I. Factual Background

In September of 2005, Mt. Hawley issued a property casualty insurance policy to Enclave, a condominium association, with a policy limit of $1 million dollars per incident. The policy period was twelve months, from July 15, 2005, to July 15, 2006. On October 24, 2005, Enclave allegedly sustained substantial damage to the property due to Hurricane Wilma, and it has brought this suit against Mt. Hawley for its alleged failure to pay claims relating to the property damage.

A. The Insurance Policy

Enclave’s policy contains two select provisions that are at issue in this suit.

First, Enclave’s policy provides that, in the event of a loss or damage, the company “may examine any insured under oath, while not in the presence of any other insured and at such times as may be reasonably required, about any matter relating to this insurance or claim, including an insured’s books and records.” Further, no legal action may be taken against the insurer, Mt. Hawley, unless “[t]here has been full compliance” with all terms of the policy.

Second, the policy includes a “peril deductible” of “3.00% of total values at risk Per Building (including time element if applicable) at the time of loss for Win-storm or Hail.” The policy includes a “scheduled locations endorsement,” which provides that the declared value for the insured property is $44 million. Though the insured property consists of multiple buildings, the policy only lists the $44 million aggregate value for the entire property, and does not include a separate schedule providing the value of each individual building.

B. Enclave’s Pre-Suit Compliance

Following Hurricane Wilma, in October of 2005, Enclave’s insurance agent submitted a windstorm loss claim to Mt. Hawley. In March of 2006, after one of its adjusters inspected Enclave’s property, Mt. Hawley issued a check to Enclave for $11,441.15 (the sum payable after deductibles, according to Mt. Hawley) for the property damage.

*1285 On June 26, 2008, counsel for Enclave, Mr. Chad Lucas, sent Mt. Hawley a letter indicating that his firm represented Enclave regarding its claim, and requested information regarding the claim. On January 12, 2009, Enclave provided Mt. Hawley with a sworn proof of loss pertaining to damages caused by Hurricane Wilma.

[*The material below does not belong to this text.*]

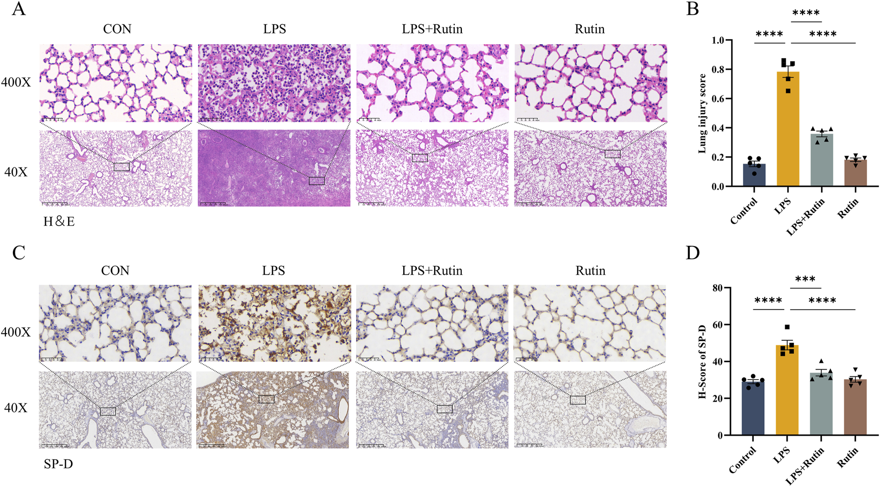 Figure 2. Rutin alleviates LPS-induced lung tissue damage. (A) Hematoxylin and eosin (HE) staining of lung tissues. (B) Quantification of the lung injury score in each group. (C) Immunohistochemistry staining for SP-D and quantification of the protein expression (D). *p < 0.05, **p < 0.01, ***p < 0.001, ****p < 0.0001.

On February 4, 2009, Mt. Hawley sent Ms. JenniLynn Lawrence, counsel for Enclave, a letter indicating that it wanted to schedule an examination under oath (“EUO”), and delineating several requests for documents that it wanted Enclave to produce in advance of the EUO. On February 18th, Ms. Lawrence responded that Enclave “would be happy to make [its] corporate representative ... available at [her law firm’s] offices ... on a mutually convenient date.” Further, she indicated that Enclave was “in the process of finding out how many documents there are so that [Mt. Hawley] could determine how it wished to proceed.” Subsequently, on April 16, 2009, Ms. Lawrence sent Mt. Hawley another letter, stating that Enclave’s corporate representative would be available for the EUO on May 26th. The letter also informed Mt. Hawley that Enclave had produced approximately twenty boxes of documents, and asked whether Mt. Hawley wanted Enclave to make copies of the documents or if they would be inspected in person. On May 7, 2009, Ms. Lawrence sent Mt. Hawley a letter confirming that the document inspection would take place on May 19th, and that the EUO would follow on May 28th. On May 11, 2009, Enclave requested that the EUO be rescheduled to May 27th, which Mt. Hawley approved. On June 2nd, the EUO was rescheduled one final time to June 9, 2009.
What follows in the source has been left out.